Bug 9071 - Handling of "[" in between-doctype-public-and-system-identifiers-state may not be ideal
Summary: Handling of "[" in between-doctype-public-and-system-identifiers-state may no...
Status: CLOSED WONTFIX
Alias: None
Product: HTML WG
Classification: Unclassified
Component: pre-LC1 HTML5 spec (editor: Ian Hickson) (show other bugs)
Version: unspecified
Hardware: PC Linux
: P3 normal
Target Milestone: ---
Assignee: Ian 'Hixie' Hickson
QA Contact: HTML WG Bugzilla archive list
URL:
Whiteboard: parsing
Keywords:
: 9052 (view as bug list)
Depends on:
Blocks:
 
Reported: 2010-02-18 16:42 UTC by Philip Taylor
Modified: 2010-10-04 14:00 UTC (History)
5 users (show)

See Also:


Attachments

Description Philip Taylor 2010-02-18 16:42:16 UTC
Currently "[" in between-doctype-public-and-system-identifiers-state is handled like any other unrecognised character, and forces quirks mode.

Firefox appears to have special-casing for "[" here.
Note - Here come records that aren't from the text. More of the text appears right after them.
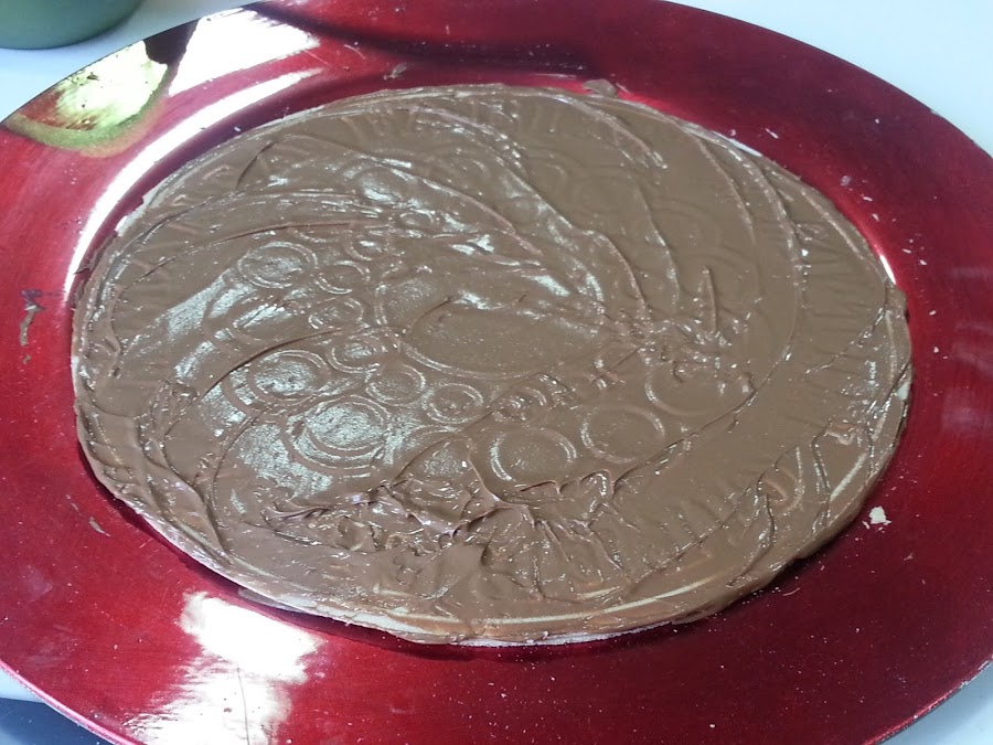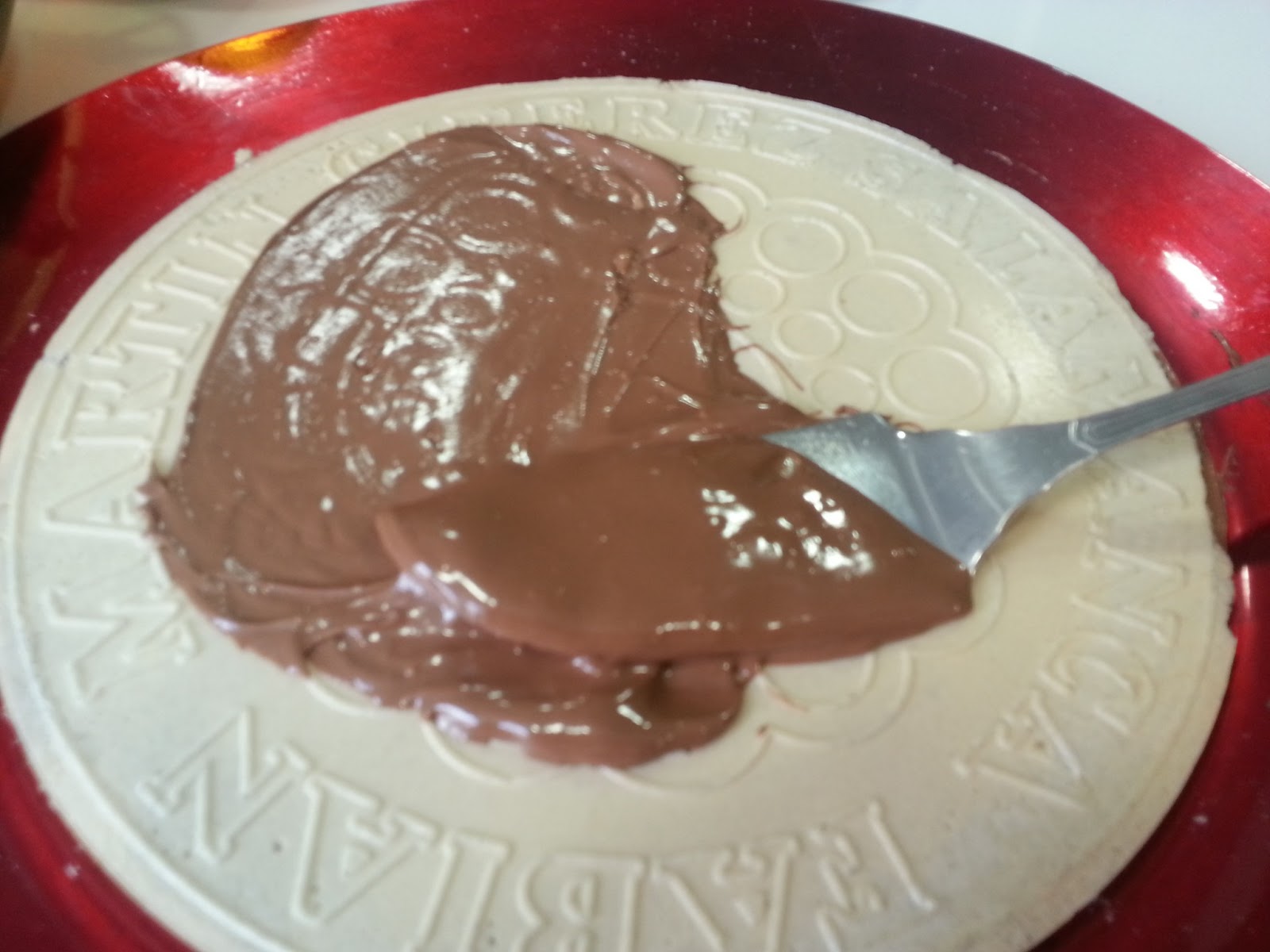 1. - Ponemos en el microondas 15 segundos o hasta que este casi líquida la crema de cacao , y ponemos un poco en el plato para fijar la primera oblea, y untamos con una fina capa de crema por toda la superficie.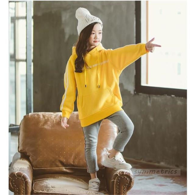 パーカー 女の子 キッズパーカー 長袖 ロング丈 トップス 無地 防寒 パーカー カジュアル スウェット春秋冬 韓国子供服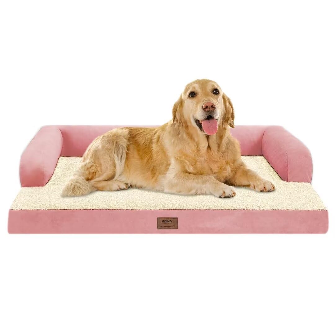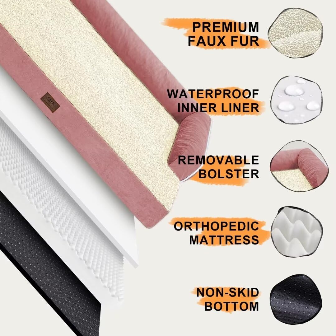 Large Dog Bed Orthopedic Washable Extra Pink Xl Xlarge Big Dog Bed With Washable Bolster & Memory Foam Couch Sofa - Waterproof With Removable Cover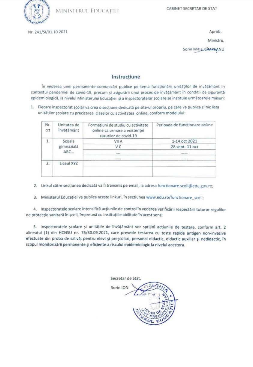 Ministerul Educației a transmis în 1 octombrie, în teritoriu, o circulară prin care solicită inspectoratelor școlare județene să publice, zilnic, situația actualizată a claselor care trec în on-line din cauza cazurilor Covid confirmate.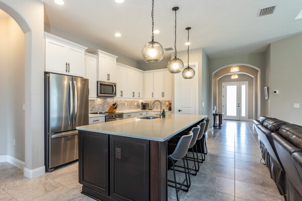 You will find this 3 bedroom 3 bath home both beautiful and functional, well-designed to accommodate both family and guest. The living area has an open floor plan that connects to both the kitchen and dinning, perfect for the casual meal or entertaining. A modern kitchen with quarts countertops and marble back splash. You will love the wood cabinets both stained and painted, with a island almost 10 ft long. The bonus is the walk-in pantry! Throughout the home you will find thoughtful upgrades that provide a touch of elegance and convenance. Premium flooring extends in all rooms, upgraded lighting features and recessed ceiling features. Located in Palm Coast Plantation , this home offers more than just a place to live, it provides a vibrant community and superior lifestyle.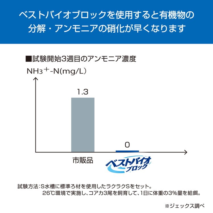 ・有機物の汚れ(フンや残餌)の分解だけではなく、魚に有害なアンモニア・亜硝酸の無害化まで行います。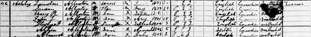 | Census | He was head of the household in the census on 4 April 1881 in Alberton, Prince County, Prince Edward Island, CanadaG. included in the household were John's wife Elizabeth, son John B., daughter-in-law Sarah (Stapley Wallace), grandchildren Elizabeth Ann, Lowden (Lowdin) & Laura Bell, and adopted daughter Martha. William Omarah, a 22 year old Irishman, was a farm labourer. John's occupation was entered as farmer. Methodist was entered as the religion of John, his wife Elizabeth, son John B. and adopted daughter Martha. John's daughter-in-law and three grandchildren were entered as Church of England.2 1881 Canada Census, household of John & Elizabeth Ashley, Alberton, Prince County, Prince Edward Island, Canada. |

Compare (in Firefox 3.6 with html5.enable off):

http://software.hixie.ch/utilities/js/live-dom-viewer/?%3C!doctype%20html%20public%20%22%22%20[!%22%C2%A3%24%25^%26*%28%29{}[]%3E%0A - "CSS1Compat"

http://software.hixie.ch/utilities/js/live-dom-viewer/?%3C!doctype%20html%20public%20%22%22%20!%22%C2%A3%24%25^%26*%28%29{}[]%3E%0A - "BackCompat"

HTML5's behaviour breaks the positioning of the map in http://www.freemanforman.co.uk/content/001_Area_Search/

But it also fixes the menu spacing and skip-link underlining in http://symptomresearch.nih.gov/grantopportunities.htm

(These are the only two sites I found, out of half a million pages.)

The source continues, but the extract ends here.